Unit Tests

Dec 29, 2025

I.

Once upon a time, there was a man named Albert, who said that the laws of physics—

(that everybody knew and agreed upon and had been using for hundreds of years to accurately predict the movement of everything from planets to cannonballs)

—were wrong, actually.

To be clear: there were lots of other people who also said that the laws of physics were wrong. Almost all of those people were crazy.

But Albert (it turned out) wasn’t crazy. Albert’s own answer was incomplete and imperfect, but it was less wrong than the established laws that had been written down by Newton, and it was also less wrong than the answers of the thousands of crackpots who had been correctly dismissed as crackpots.

In order to be sane, in order to be effective—

(In order to be right.)

—you need to be able to sort the wheat from the chaff. You need to be able to figure out how to tell the stuff that sounds crazy

(but isn’t)

apart from the stuff that is crazy

(including when it sounds very normal and familiar).

And whatever method you choose, you want that method to work on Albert. You don’t know what future Alberts will look like, when you come across them, but you do know what the actual historical Albert looked like, at the time. The example of Albert is just sitting there, as a way for you to ensure that your method is working properly.

I call this sort of thing a “unit test.” In computer programming, a unit test is a snippet that makes sure that a given unit of code is functioning properly, and doing what it’s supposed to do. If you have code that is meant to add two numbers together, you might check that code with some unit tests like:

1 + 1 (should give you back 2; if it doesn’t, your code has a problem)
1 + 0 (should give you back 1)
1 + -1 (should give you back 0)
1 + 1000000000000000 (should give you back 1000000000000001)
1000000000000000 + 1000000000000000 (should give you back 2000000000000000)
1 + π (should probably give you back something in the vicinity of 4.14159)
1 + q (should probably give you back some sort of error)

…and so on.

In other words, your unit test checks a bunch of questions whose answers you already know, to make sure that your answer-finding algorithm at least gets those right.

Unit tests don’t guarantee that your method will get everything right, but they’re a start. If you have some general method that is passing all of your unit tests, you’re probably at least in the vicinity of the real answer. There aren’t many general processes that spit out the right answer to all of the addition problems above, that aren’t just … addition.

II.

It seems to me that most people don’t go around “collecting unit tests,” but I certainly do. Whenever I notice a place where a bunch of people got it wrong (but some small number of people got it right), I write it down in my brain:

Dear Future Duncan, make sure that whenever you’re talking to someone who sounds like a crackpot, you decide whether-or-not-to-blow-them-off using a method that wouldn’t cause you to accidentally blow off Albert Einstein, because that would be embarrassing.

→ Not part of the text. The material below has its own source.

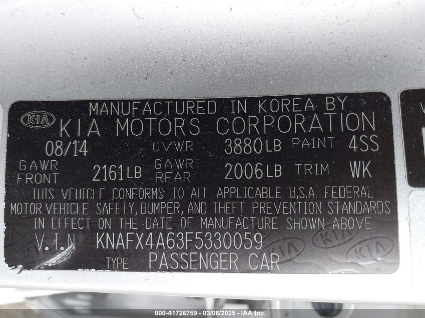 2015 KIA FORTE 2015 Gasoline, 1.8, Front wheel drive, VIN - KNAFX4A63F5****** from the USA

(I mean, it was a smidge more forgivable back in 1905, but we just … have the historical example. It would be like failing an open-book test.)

There are a couple of Big Obvious ones, that everybody talks about. For instance: slavery. Back in the 1600s, there were quite a few Americans who thought slavery was great, actually, and even most of those who disagreed did so in a fairly quiet, shrugging sort of way.

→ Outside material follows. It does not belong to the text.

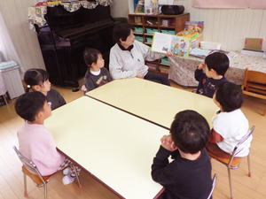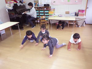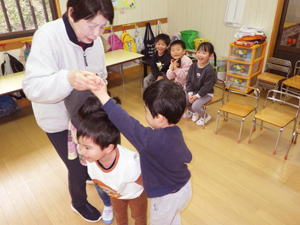 | 3月2日 ばら組 今月のひよこクラブはえりか先生が担当してくれたので、 ばらさん達は潤子先生と過ごしています。 最初は眞美先生と過ごすはずだったのですが、 「わたし、やろうか?」と潤子先生。 もう歳だの何だの言っている今日この頃ですが、 こう言うものまだまだやりたい想いが伝わって来ます。 「この想いと子ども達との関わり合いが、 なによりの元気の源なんだよね…」 と思いながら見つめた情景でありました。 子ども達に絵本の読み聞かせをするところから始めた潤子先生。 意外にもちゃんと聞いているこの子達に 僕が驚いてしてしまいました。 ちょっと前までは『長い絵本』『ストーリー物』は もたないと聞いていたこの子達。 それが潤子先生の言葉をしっかり受け止め、 聞いているではありませんか。 こんなところにもこの子達の成長を感じたものでありました。 それに続いて潤子先生十八番の『リズム遊び』。 先生の弾くピアノのリズムを聞きながら、 「○○になって!」と言う言葉に従って それに成り切りリズムに乗って遊ぶミッションです。 このへんから脱線が始まったこの子達。 「かめになって!」 と言う先生の言葉にさっさかさっさか這いまわり、 挙句の果てには机の下にみんなして 潜り込んでしまったではありませんか。 「それカメ?」と言われても馬耳東風。 リズムと言葉からイメージしたものに成り切るよりも 机の下が面白くなっちゃって、 そこでわちゃわちゃやって自分達だけで大笑いでありました。 「もうすぐももになる!」 と自負しているこの子達。 『お兄ちゃん・お姉ちゃんになる』のもありますが、 年中と言えば『ギャングエイジ』と言われるお年頃。 「きっとこんな羽目外しの光景が 来年は一杯見られるんだろうな…」 と思いながら見つめたこの情景。 言っても言っても机に潜り込む子ども達に お手上げの潤子先生はちょっと不満顔。 でも自分でやってみなければ分からない。 「ダメダメダメ!」を黙って聞いてばかりじゃ、 『何が・どうして・どうダメなのか』本当のところは分からない。 こんな経験の積み重ねが この子達の倫理感を育んで行ってくれるはず。 それにお付き合いする先生達は大変ですが…。 その大脱線を何とか治めたその後も、 リズム遊びや『なべなべそこぬけ』を 子ども達と挑戦していた潤子先生。 久しぶりにがんばって さぞ疲れたことでしょう。 今日は本当にお疲れさまでした。 でも子ども達、 おかげさまでこんなにいい顔していましたよ。 |

If you want to be the sort of person who would get the question of slavery right in the year 1600, then you obviously can’t rely on consensus, because if you happen to be born in a Southern plantation and get raised by a bunch of people who are really confident that black folk are inferior and servitude is their rightful place, then you’ll grow up feeling the same way.

Similarly, you can’t rely on the law to tell you what’s right and what’s wrong, because slavery was legal. (The law is a little bit different from consensus, but mostly like how the crystallized parts of honey are different from the smoothly flowing parts.)

You can start with the question of slavery, and ask yourself okay, how could I get this one right? If I were raised by slaveowners in the 1600s, what sorts of mental motions would allow me to notice that slavery was a moral horror anyway, despite all of the ready-made arguments and justifications floating around me?

It’s sort of like sitting down to code addition, and starting with “well, gee, how do I make this computer take in ‘1’ and ‘1’ and spit back ‘2’?”

But of course, once you’ve built your method around the example of slavery, you need some other unit test to check.

Another big, popular one is “Nazis.” i.e., “would the algorithm that I’m running cause 1930s-German-me to recognize that Jews are fundamentally human, and that my government probably shouldn’t take charge of the entire world (through force if necessary)?”

i.e. would a version of you who was born in early-1900s Germany and raised by early-1900s Germans and had access to only the information that early-1900s Germans had access to, but who was thinking about this question the way that you’re thinking about questions of truth and morality now, actually get it right? Are you asking yourself the kinds of questions, and holding yourself to the kinds of standards, that would cause you to pass the test that so many actual 1930s Germans failed?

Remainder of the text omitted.